This patent grant is currently assigned to Google Inc.. The grantee listed for this patent is Abhinandan S. Das, Harry S. Fung. Invention is credited to Abhinandan S. Das, Harry S. Fung.
United States Patent |
8,364,709 |
Das , et al. |
January 29, 2013 |
Determining word boundary likelihoods in potentially incomplete
text
Abstract
Methods, systems, and apparatus, including computer programs
encoded on a computer storage medium, for determining word boundary
likelihoods in potentially incomplete text.

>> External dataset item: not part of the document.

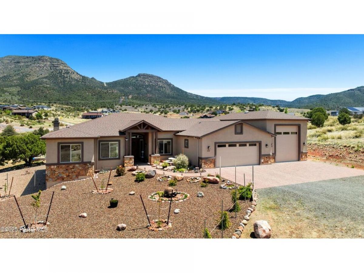 Beautiful custom build in Legend Hills! The owner put his own touches into every inch of this home...from the 2x6 framing to the thoughtfully designed cabinetry. As you enter the home you are met with stunning ceramic plank floors, 10#039; ceilings and 8#039; doors...and a majestic view of Mingus Mountain from the great room windows. Even future additions to the property were considered with the installation of 400 amp power and an extra large septic tank to accomodate a casita. The garage space fits 3 cars with an attached 46#039; deep RV garage with full hookups! The attention to detail carries through to the exterior of the home with its large deck that affords amazing views of Mingus Mountains and the surrounding area. There is even an area under the home that can be utilized for projects as it
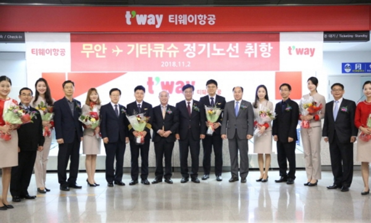 티웨이항공은 지난 2일 무안국제공항 여객터미널에서 박병호 전라남도 행정부지사, 장영식 무안군 부군수, 정상국 한국공항공사 무안지사장, 조현근 티웨이항공 정비본부장, 고혁 티웨이에어서비스 대표이사 등이 참석한 가운데 무안-기타큐슈 정기 노선의 신규 취항식을 가졌다.

In one aspect, a method
includes selecting query sequences from the query, each query
sequence being at least a portion of a word n-gram, the word n-gram
being a subsequence of up to n words selected from the second
sequence of words of the query, and for each query sequence:
determining one or more query sequence keys for the query sequence;
determining at least one of a word boundary count and a non-word
boundary count for each query sequence key, each word-boundary
count and non-word boundary count being dependent on the context of
the query sequence; and associating, in a data storage device, the
at least one word boundary count and non-word boundary counts with
each query sequence key.
Inventors: |
Das; Abhinandan S. (Sunnyvale,
CA), Fung; Harry S. (Saratoga, CA) |
Applicant: |
Name |
City |
State |
Country |
Type |
Das; Abhinandan S.
Fung; Harry S. |
Sunnyvale
Saratoga |
CA
CA |
US
US |
|
|
Assignee: |
Google Inc. (Mountain View,
CA)
|
Family
ID: |
47562389 |
Appl.
No.: |
12/951,529 |
Filed: |
November 22, 2010 |
Current U.S.
Class: |
707/780 |
Current CPC
Class: |
G06F
16/90335 (20190101); G06F 16/9032 (20190101); G06F
16/90324 (20190101); G06F 16/2468 (20190101) |
Current International
Class: |
G06F
7/00 (20060101) |
Field of
Search: |
;707/780 |
References Cited
[Referenced By]
U.S. Patent Documents
Primary Examiner: Hu; Jensen
Attorney, Agent or Firm: Fish & Richardson P.C.
Claims
What is claimed is:
1. A system comprising: a data processing apparatus; and a computer
storage medium encoded with a computer program, the program
comprising data processing apparatus instructions that when
executed by the data processing apparatus cause the data processing
apparatus to perform operations comprising: accessing queries
stored in query logs, each query being one or more characters in a
first sequence constituting one or more words in a second sequence;
for each query: selecting query sequences from the query, each
query sequence being at least a portion of a word n-gram, the word
n-gram being a subsequence of up to n words selected from the
second sequence of words of the query, and for each selected query
sequence: determining one or more query sequence keys for the query
sequence; determining at least one of a word boundary count and a
non-word boundary count for each query sequence key, each
word-boundary count and non-word boundary count being dependent on
the context of the query sequence; and associating, in a data
storage device, the at least one word boundary count and non-word
boundary counts with each query sequence key.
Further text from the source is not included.